Runner containers get `/var/run/docker.sock` mounted, giving them root-equivalent access to the host's Docker daemon. This is required for runners to spawn job containers but is a security concern for untrusted code. For a private instance with trusted users, this is the standard Gitea runner deployment.

### Native runner `boot` mode requires sudo

When `boot = true` is set in `runners.conf`, `manage_runner.sh` uses `sudo` for three operations: copying the plist to `/Library/LaunchDaemons/`, loading/unloading the service via `launchctl`, and removing the plist on teardown. The plist includes a `<key>UserName</key>` entry so the daemon process runs as the deploying user, not root. The newsyslog config (log rotation) always requires `sudo` regardless of boot mode, since it installs to `/etc/newsyslog.d/`.

### Backup archives are unencrypted

`gitea dump` produces a zip file containing the database, all repos, and config. This is transferred over SSH (encrypted in transit) and stored on Fedora's filesystem. At-rest encryption is the user's responsibility (e.g., LUKS on the Fedora backup volume).

### Phase 8 state snapshot lives in `.manifests/`

The JSON file that records pre-cutover GitHub repo settings is stored alongside install manifests in `.manifests/`. This directory is gitignored (machine-specific state). If the user deletes `.manifests/` before running Phase 8 teardown, the teardown falls back to parsing the original description from the `[MIRROR] ... — was: ORIGINAL` format, but cannot restore homepage, wiki, projects, or Pages settings.

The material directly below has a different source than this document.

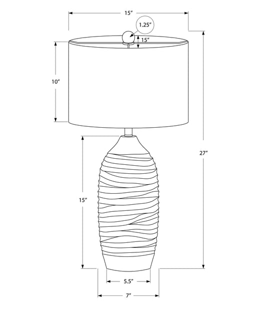 Modern Design: Vase-like shape with textured grey resin body, flowing lines, and an ivory linen drum shade, topped with a black round finial. ...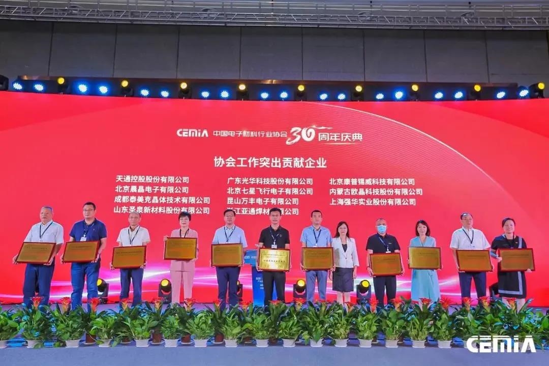 大會同期舉行了“中國電子材料行業協會成立30周年慶典活動”,我公司榮獲“協會工作突出貢獻企業”稱號。

### SSL renewal cron on Unraid may not survive reboots

The Let's Encrypt renewal cron is added via `crontab` on Unraid. Unraid is not designed for persistent user crontabs — they can be lost on reboot depending on the Unraid version and configuration. A more robust approach would be a dedicated Certbot Docker container with a restart policy, but that adds deployment complexity.

## Security Notes

- **Sensitive files** (`.env`, `runners.conf`, `.manifests/`, `*.pem`, `*.key`, `*.crt`) are in `.gitignore`
- **API tokens** are generated by the scripts and written to `.env` — never hardcoded
- **SSH** uses `BatchMode=yes` (no password prompts) and `StrictHostKeyChecking=accept-new`
- **Passwords** are only used for initial admin creation and token generation — all subsequent API calls use tokens
- **Runner containers** mount the Docker socket — this is root-equivalent access to the host
- **Cross-host SSH keys** are ed25519 with no passphrase (automation keys)

## Prerequisites

| Machine | Requirements |
|---------|-------------|
| MacBook | macOS, Homebrew, jq >= 1.6, curl >= 7.70, git >= 2.30, shellcheck >= 0.8, gh >= 2.0, bw >= 2.0 |
| Unraid | Linux, Docker >= 20.0, docker-compose >= 2.0, jq >= 1.6, existing Nginx container |
| Fedora | Linux with dnf, Docker CE >= 20.0, docker-compose >= 2.0, jq >= 1.6 |
| Network | MacBook can SSH to both servers, DNS A record pointing to Unraid for HTTPS |

## Quick Start

```bash
cp .env.example .env
cp runners.conf.example runners.conf
# Edit both files, then:
./run_all.sh
```

See [USAGE_GUIDE.md](USAGE_GUIDE.md) for the full walkthrough, edge cases, and rollback procedures.